The Hoboken City Council approved an override of Mayor Ravi Bhalla’s veto of a measure to park bicycles in municipal garages for $52 a year at a special meeting this afternoon.
“It’s unfortunate that we’ve scheduled a special meeting to force a veto vote on an override related to bicycle parking when the main bicycle advocacy organization in Hoboken is not in favor of this ordinance,” said 5th Ward Councilman Phil Cohen, who along with Councilwoman-at-Large Emily Jabbour were the only council members to vote against the 2nd reading on July 8th.
He referenced that Bike Hoboken has also cited concerns with the ordinance, since it says little other than residents can park their bicycles in covered parking spaces in municipal garages for $1 a week annually.
” … I suspect that people’s minds are made up because we wouldn’t be dragged out at 4 o’clock on a Wednesday afternoon if people didn’t think they had the votes to override this,” Cohen continued, emphasizing thee difference between owning and maintaining a car vs. a bicycle, as well as that more time should’ve been spent on drafting the ordinance than PR.
Additionally, Councilman-at-Large James Doyle indicated that he voted yes on second reading because he though Bike Hoboken supported the legislation, and since that’s not the case, he would be reversing course.
Nevertheless, the override went through 6-3, with Cohen, Jabbour, and Doyle voting no.
After the meeting concluded, the ordinance sponsors, 1st Ward Councilman Mike DeFusco and 2nd Ward Councilwoman Tiffanie Fisher, doubled down on the significance of the measure.
“The mayor’s initial veto was nothing more than a ploy to discredit those of us on the City Council who do not always agree with him politically.

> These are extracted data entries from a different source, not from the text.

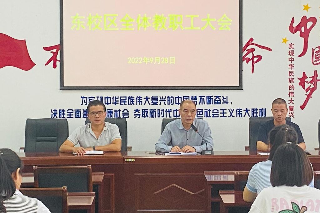 9月28日下午,东校区在4号办公楼二楼会议室召开全体教职工大会。副校长李文光出席,东校区各部门负责同志及全体教职工参加,会议由东校区副主任肖敏主持。
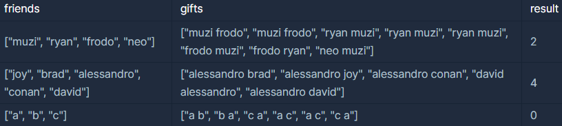 public int solution(String[] friends, String[] gifts) {
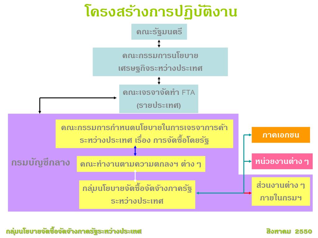 โครงสร้างการปฏิบัติงานโครงสร้างการปฏิบัติงาน คณะรัฐมนตรี คณะกรรมการนโยบาย เศรษฐกิจระหว่างประเทศ คณะเจรจาจัดทำ FTA (รายประเทศ) คณะกรรมการกำหนดนโยบายในการเจรจาการค้า ระหว่างประเทศ เรื่อง การจัดซื้อโดยรัฐ ภาคเอกชน กรมบัญชีกลาง หน่วยงานต่างๆ คณะทำงานตามความตกลงฯ ต่างๆ ส่วนงานต่างๆ ภายในกรมฯ กลุ่มนโยบายจัดซื้อจัดจ้างภาครัฐ ระหว่างประเทศ กลุ่มนโยบายจัดซื้อจัดจ้างภาครัฐระหว่างประเทศ สิงหาคม 2550
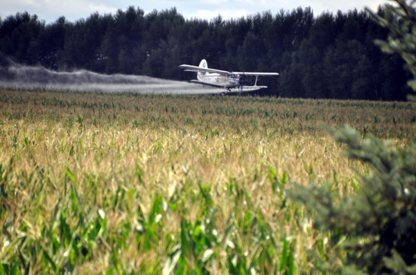 7月29日,位于黑龙江省北安市的黑龙江垦区建设农场用飞机为玉米喷施营养液。
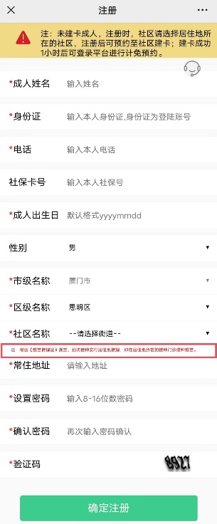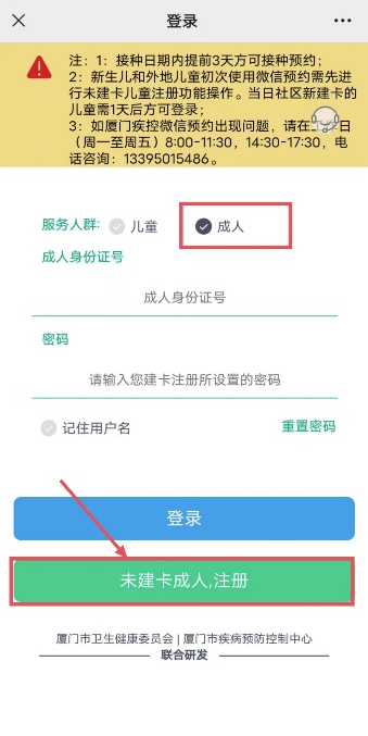 第二步:未注册建卡的要先注册建卡,分为儿童和成人两类。

Politics and good local government should never mesh and unfortunately we have an administration that continues to put politics over policy in effort to divide us,” said DeFusco.
“I am proud to co-sponsor this piece of legislation to provide a valuable amenity to Hoboken’s bike enthusiasts who are tired of locking their bike outside, carrying it up a flight (or more) of stairs or storing it in their living room,” added Fisher, also the chair of the Parking and Transportation Subcommittee.
The mayor’s office declined to comment beyond what they said after Monday’s veto announcement, though re-emphasized that there is no plan to implement the legislation if it is not amended to be more comprehensive.
“In the absence of a more robust plan, the administration does not have the resources nor does it intend to implement and administer this proposed fee for bicycle parking.”
This was the third time in four tries that the council successfully executed a veto override under the Bhalla administration.
Just last month, the governing body overrode a veto that abolished the city’s Office of Constituent Affairs.
The council also successfully did an override in 2018, allowing a runoff referendum to appear on the November ballot (which passed easily) and were a vote shy last year when they tried to limit the number of non-civil service employees in the mayor’s office.
Interestingly, Bhalla applauded an unrelated measure introduced by the Fisher and DeFusco that was approved in order to provide open streets on Sinatra Drive between Newark Street and 4th Street.
“I’m thrilled the city council is supporting the city’s efforts to provide additional outdoor space for residents during the COVID-19 pandemic,” the mayor said.
“I’m proud that in just a few months, we’ve been able to successfully implement a number of initiatives including open and slow streets, over 50 parklets and streateries, Summer Streets to close streets for dining and shopping, and now our Sinatra Drive ordinance, all of which facilitate safe, socially distant outdoor activities that enhance the quality of life within Hoboken.”